Elder Speaker issues

William J Poser wjposer at ldc.upenn.edu
Thu Mar 20 06:40:03 UTC 2008

This is a very important issue, which in my experience is virtually
never addressed or even acknowledged, and it isn't restricted to the
elders. Speakers ceased to pass the language on to their children
for a reason, and the factors that motivated them to do this have
not entirely disappeared, even if overt suppression of the language
is no more. Even if effective programs are developed for teaching
the language to children, will the children actually be motivated to
learn it and to use it not only once in a while but in their own homes
with their own children? The fact that minority languages are declining
even in places where there has not been overt suppression, due purely
to the appeal of larger languages like English, means that the
problem is not merely one of overcoming the old forces against the

I don't know the answer to this but have a few suggestions.
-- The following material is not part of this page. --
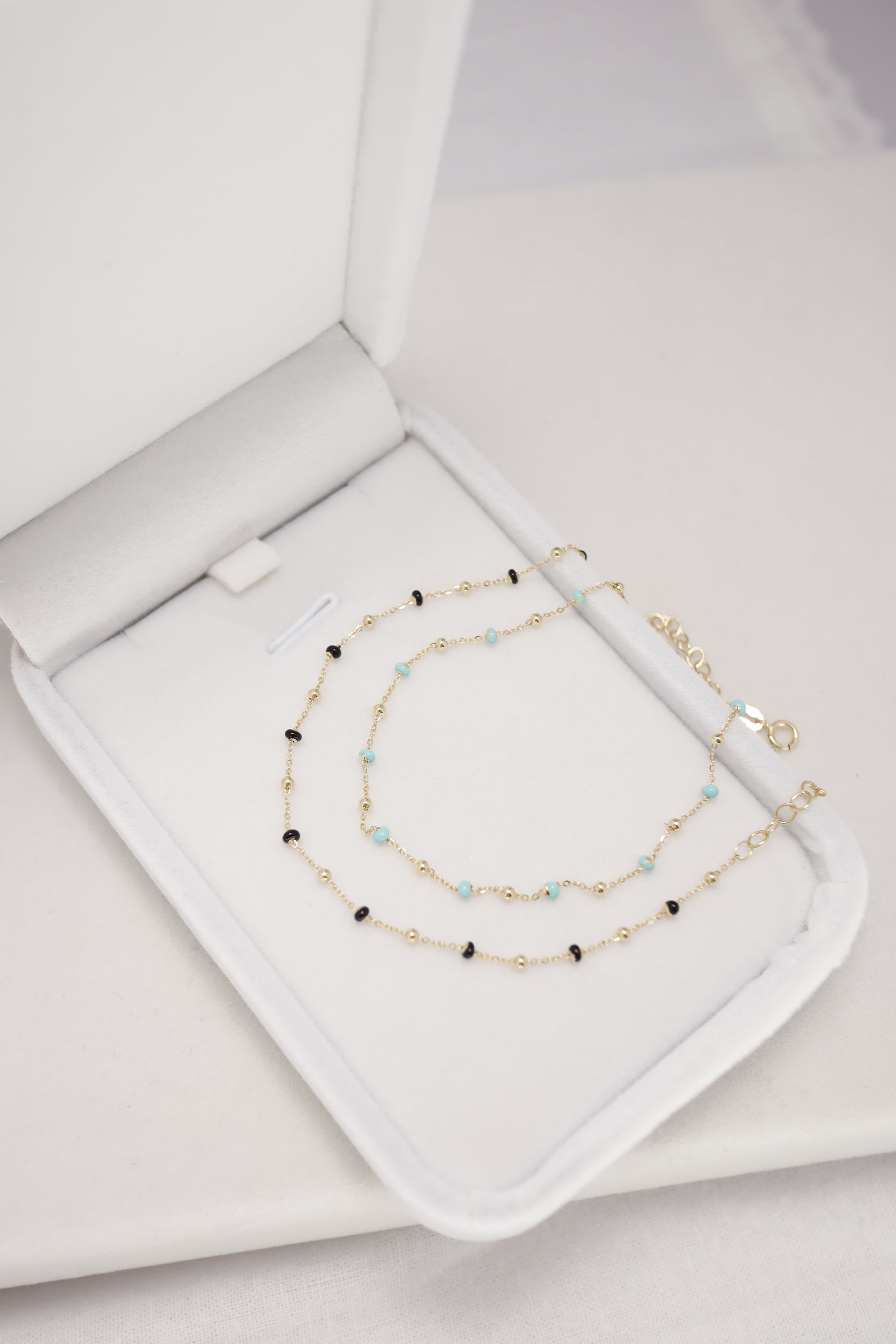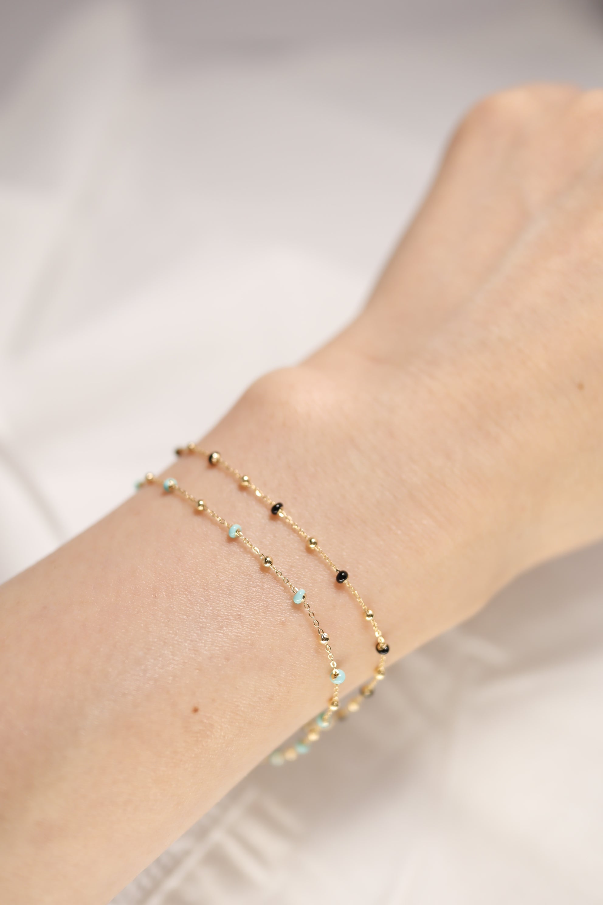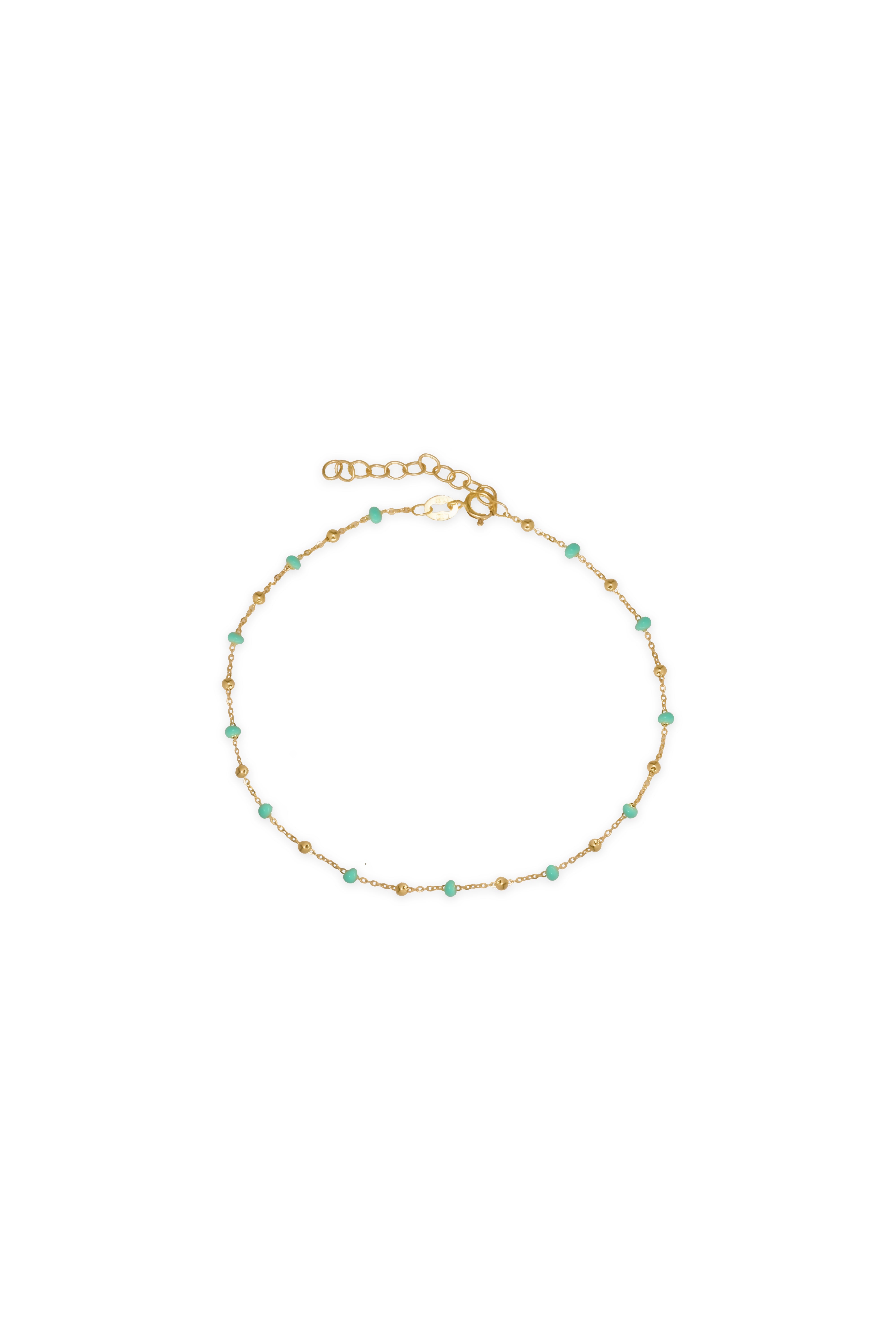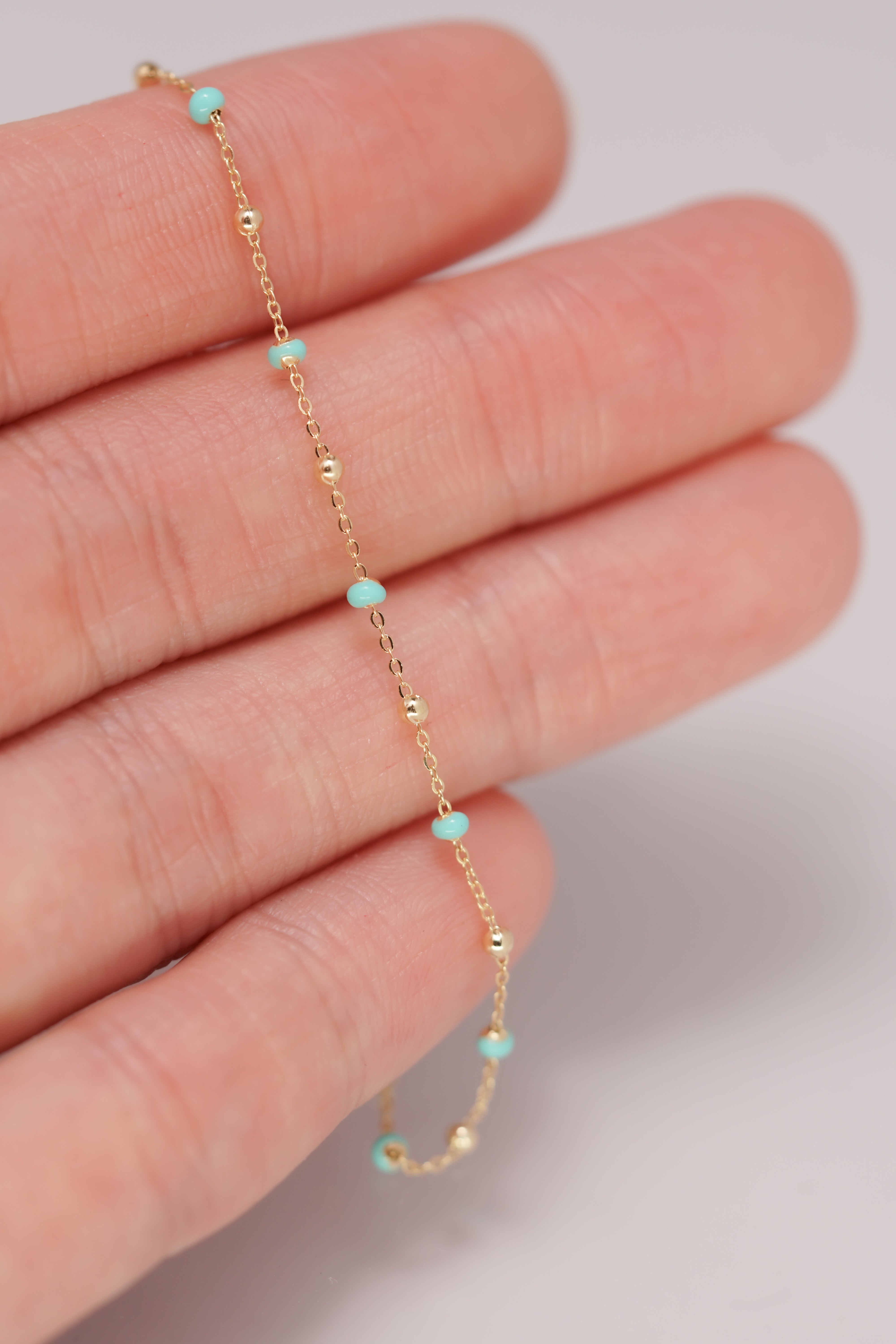nfuse your style with a touch of vibrant elegance with the 14K Gold Mint Turquoise Blue Epoxy Beads Ball Chain Linked Bracelet. This beautiful bracelet features a delicate 14K gold chain adorned with mint turquoise blue epoxy beads, creating a fresh and eye-catching contrast. The smooth epoxy beads add a modern twist to the classic gold chain, making this bracelet perfect for both casual wear and special occasions. Lightweight and comfortable, it’s ideal for layering or wearing alone as a statement piece that adds a pop of color to any outfit.
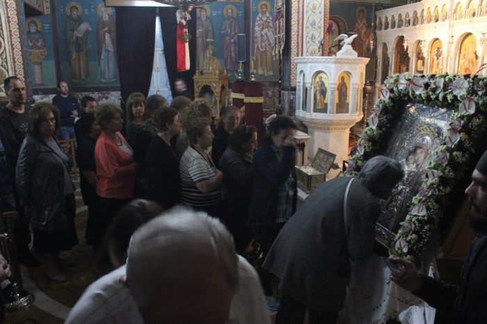 Για 5η συνεχόμενη ημέρα συνεχίζεται το προσκύνημα της εικόνας «Άξιον Εστί», από το Μοναστήρι του Τρικόρφου που έχει έλθει στον Βύρωνα, στον Ιερό Ναό Μεταμορφώσεως του Σωτήρος, όπου αρκετοί πιστοί προσέρχονται καθημερινά στον Ιερό Ναό Μεταμορφώσεως του Σωτήρος, για να λάβουν την χάρη της θαυματουργικής εικόνας, καθώς και την ευλογία των ιερών λειψάνων του Αγ. Ιωάννου του Προδρόμου και του Οσίου Σεραφείμ του Σάρωφ του ιαματικού.

The first
is that communities need to address this factor. That is, they need to
recognize that it is an issue and discuss what they can do about it.
The second is that they need to acknowledge the full complexity of
the negative forces, that is isn't just the suppression of the language
by the schools in the past but the current problem of larger languages
having greater appeal. The third is that, to some extent, the issues
that people have may be overcome by education. This is relevant to two
aspects that I can think of. One is the viability of bilingualism.
In a great many cases, the reason that parents and grandparents do not
pass the language on is that they believe, correctly, that English or
some other dominant language is the key to a good education and a good job.
This is coupled with the false belief that the kids cannot have both
a good command of English and a good command of their own language.
Education about the societies in which bilingualism and multilingualism
has been the norm and about the psychological studies of bilingualsim
might counteract this.

The other issue on which education might help is the alleged inadequacy
indigenous languages. I suspect that a lot of people have internalized
the belief that their language was primitive, satanic, or at the very
least not adequate for modern purposes. Courses in "language appreciation"
and other means of imparting information about this might help to
overcome this.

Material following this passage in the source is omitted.